Of course, history teaches us life’s lesson and the future gives us the opportunity to plan the course over mysterious waters. But it all goes down to us, of what we are now and of how we believe ourselves that we have learned it all and have the capacity to chart our future.
And I do.
A question always asked to a successful person is the secret of success. Funny thing is, the movie somewhat made a parody of this. When Mr. Ping (Po’s father) revealed the secret of the family’s noodle soup, he said there is none. He just made it up just to entice customers; a psychological tactic employed even in real life. When Po finally receives the Dragon Scroll that will give him great power, he found nothing in it. It’s just a piece of parchment, reflected in it is the mirror-image of the holder. There you go. Secret to life’s success is overrated. It’s a secret no more yet a lot of people still are in search for the answer where in fact they will find it in the mirror in front of them. Or maybe let’s do away with mirrors. Ask ourselves upfront, sideward, inward… outward. And in an idle day like that was, I always sit in my place of respite and do nothing. Physically I’m idle but my mind wanders, travels. Today is a great day for me because I live yet another day. I survived. I didn’t hang myself or slashed my wrist out of depression. I simply survived. Today.

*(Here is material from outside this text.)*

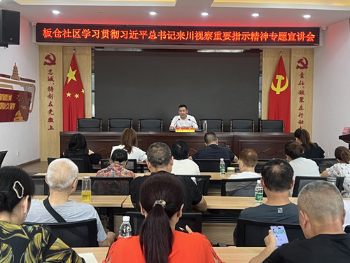 9月15日,板仓社区党委组织召开专题宣讲会,传达学习习近平总书记来川视察重要指示精神,聆听宣讲人员有社区全体“两委”班子成员、社区工作中、居民组长、网格员、党员及群众代表共计40余人参加。社区党委书记陈光远以题为“铭记殷殷嘱托、奋进新时代”为主题给全体社区干部进行了宣讲。

So I live life and thanking God for the present. One thing separates me from those manic-depressive is that I consider regrets my life’s footnotes, taking them out for reference but do not define me. One thing separates me from people fearful of the future is that I’m willing to take risks. Of course, I have a plan – risks are just part of it.
Long term plan: see the world.
Short term plan: survive today.
And I just did. Again. One idle day seems to be worthwhile and it will come to pass before you know it. With tortang talong (it was my first time and I thank Kuya Marky for showing me how when we were in Georgia) and strips of bacon matching red wine, there is no secret ingredient for a sumptuous end-of-the-day meal. Who would have thought it could be a nice dinner combination? Well, it could have been attributed to the fact that there were almost nothing left inside the fridge from last grocery. Nonetheless, it established the idea that it is survival instinct to ultimately rely on oneself. No secret ingredient. No secret recipe of some sort. Just me cooking and enjoying the meal afterwards.
Maybe next time I’m out of stuff in the fridge, I’ll try ketchup soup.
Or maybe I'll just go out to the supermarket.